How has Web-X DRM helped your clients protect their digital content, and can you share any success stories of significant impact?
One success story involves a prominent webtoon and web novel service provider with over 800,000 users, using Web-X DRM to protect their content from scraping and screen capturing. This success has sparked interest from other similar service providers considering Web-X DRM to protect their web-based content.
Another success is with 45 public digital libraries in Korea, which adopted Web-X DRM to secure eBook content accessible via web browsers. The libraries and users are highly satisfied with the service, which eliminates the need for client-side installation or updates across devices. This has enhanced user experience and operational efficiency, leading to more libraries showing interest in Web-X DRM.
In the educational sector, an educational video service provider used Web-X DRM to prevent downloading original video files from web page source URLs. Previously unprotected, the company integrated Web-X DRM in a week, securing over 1,000 videos with minimal service disruption.
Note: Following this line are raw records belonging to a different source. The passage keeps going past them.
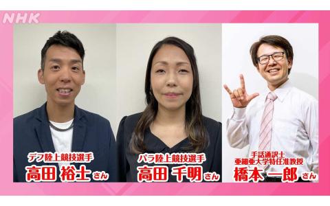 ゲストは、「デフリンピック」で陸上の男子110mハードルに出場する高田裕士さんと、パラリンピック2大会に出場している陸上選手、高田千明さんご夫妻です。お二人に、大会への意気込み、観戦する上でのポイントなどを伺います。そして、互いに支え合う夫婦の絆についてもお聞きします。メッセージ、お待ちしています!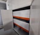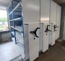 Разработали и установили передвижные стеллажи серии СБ-СГС с фальшполом. Каждая секция стеллажа оборудована стационарными и выдвижными полками, дверьми, а также ящиками под конкретный вид хранимого.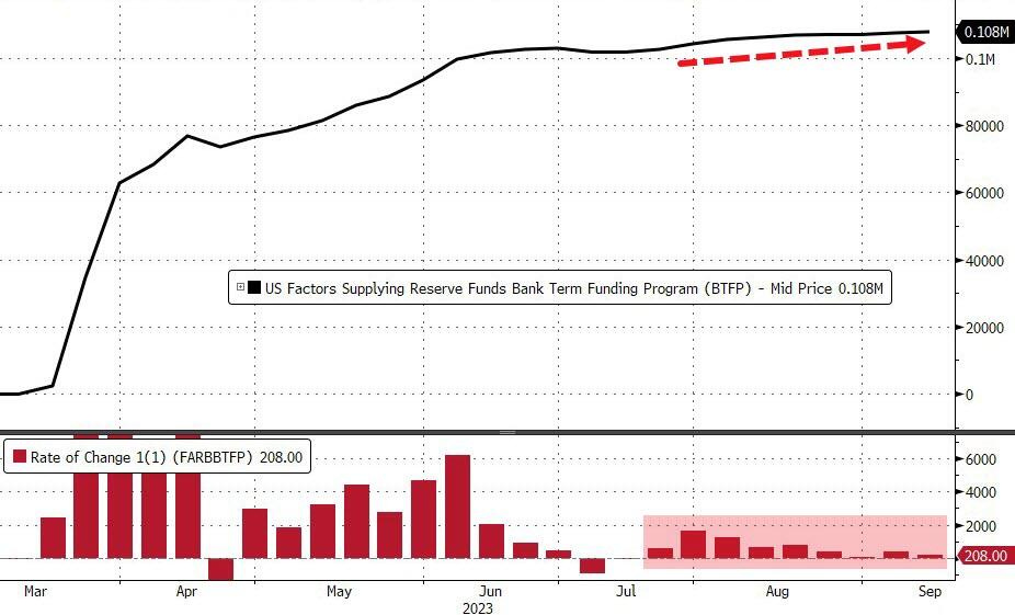 Fed's emergency bank relief continues to rise reaching 108 billion USD.

A large food company with over 2,000 franchise offices adopted Web-X DRM to protect sensitive internal content, like recipes and proprietary data, shared through their internal web system. Despite outdated client devices running WinCE with IE9, Web-X DRM prevented screenshots and distribution by embedding visible watermarks with user IDs and scrambling web content text, enhancing internal security.
These stories highlight Web-X DRM’s significant impact on protecting digital content across various industries.
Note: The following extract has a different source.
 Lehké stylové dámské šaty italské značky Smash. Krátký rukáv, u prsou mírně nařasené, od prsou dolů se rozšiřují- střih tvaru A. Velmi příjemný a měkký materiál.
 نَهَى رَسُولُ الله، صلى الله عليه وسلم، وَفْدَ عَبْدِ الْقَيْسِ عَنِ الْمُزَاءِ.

Looking forward, what are the upcoming trends or technologies in DRM that you think will shape the future of web content protection?
The future of web content protection will be shaped by emerging trends and technologies, especially after the 2022 U.S. Federal Court precedent involving LinkedIn and HiQ Labs. This ruling, which allows web scraping from publicly accessible content, indicates a substantial challenge to content security, as it becomes increasingly difficult to prevent access for unauthorized data gathering from publicly accessible web pages.
Moreover, as we advance into the era of Large Language Models (LLM) based on AI, protecting web content becomes crucial. LLM systems rely on vast data for training, increasing the risk of unauthorized use of proprietary content from the web. Robust DRM solutions are needed to secure content at both the access control and content levels, ensuring the integrity and ownership of digital assets.
Future DRM technology will likely focus on sophisticated content-level protection mechanisms beyond traditional access control. Advanced encryption techniques, watermarking, and secure content distribution frameworks will be essential in safeguarding digital assets.